Internet as a City was a workshop that we (Foreign Objects) ran as part of the 2018 Decentralised Web Summit in San Francisco. In it, we used metaphors from architecture and urbanism to explore decentralisation, thinking about the use and misuse of rules and spaces, and decision making about networks. The workshop was developed – in part – as a response to what we saw at the time as being an extremely ‘modernist’ and rigid approach to protocol and governance in certain parts of the decentralised web community; the idea that somehow you could define a set of rules that would absolutely goven peoples’ behavior towards a space, platform or resource.

IAAC was our first major project together as a collective, and involved flying with 300 flatpacked cardboard boxes from boston to san francisco (really testing out the delta airlines ‘volume based’ luggage dimension policy).

In the warmup exercises, we explored different analogies between cities and networks – thinking about routes one might take walking or browsing, drawing parallels between different internet policies and their urban equivalents, e.g. what does gentrification look like online? For example, Haussman’s surveillance-friendly boulevards in 19th-century Paris vs. national web firewalls are both ways of mediating and observing ‘traffic’.

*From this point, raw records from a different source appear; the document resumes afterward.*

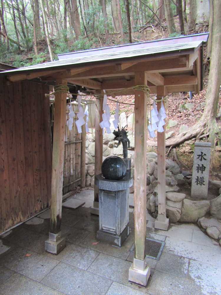 七番社・水神社。宮地嶽周辺には大河がなく、ここに龍神様が差配され、水枯れすることなく今なおこんこんと水が湧き出ている。宮地嶽周辺の農家は水を大切に扱ってきたといい、大飢饉の時代も年貢米を返上することなく完納し、他藩の模範として表彰されたこともあるという。 このような水に対する思いや信仰が、この水神社に込められている。
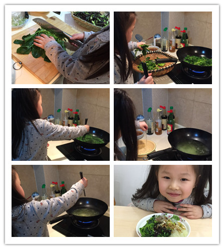不要小看我这道菠菜凉拌粉丝,我可是经过班里三次评审后才角逐出来的。哼哼~,味道可开胃咯!
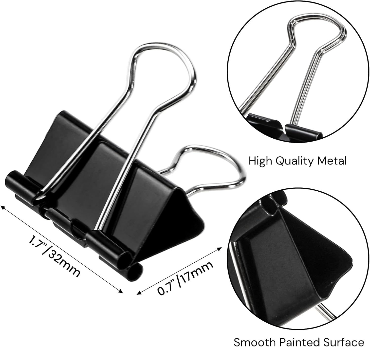 300 Pack Medium Binder Clip, 1-1/4 Inch Metal Black Fold Back Clips, Standard Paperwork Clamp Bulk for School Teacher Student, Business Office Home
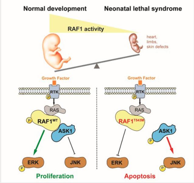 RAF1 deficiency causes a lethal syndrome that underscores RTK signaling during embryogenesis.

In the second half, we got participants to work together to construct ‘cities’ from a set of cardboard primitives that manifested a kind of network protocol. Everyone was given a particular part to role-play (ISP Landlord, Social Network Tenant), and at the end we discussed how those interests had shaped the resultant network-cities. (then, at the very end, everyone got to make a big pile out of all the blocks).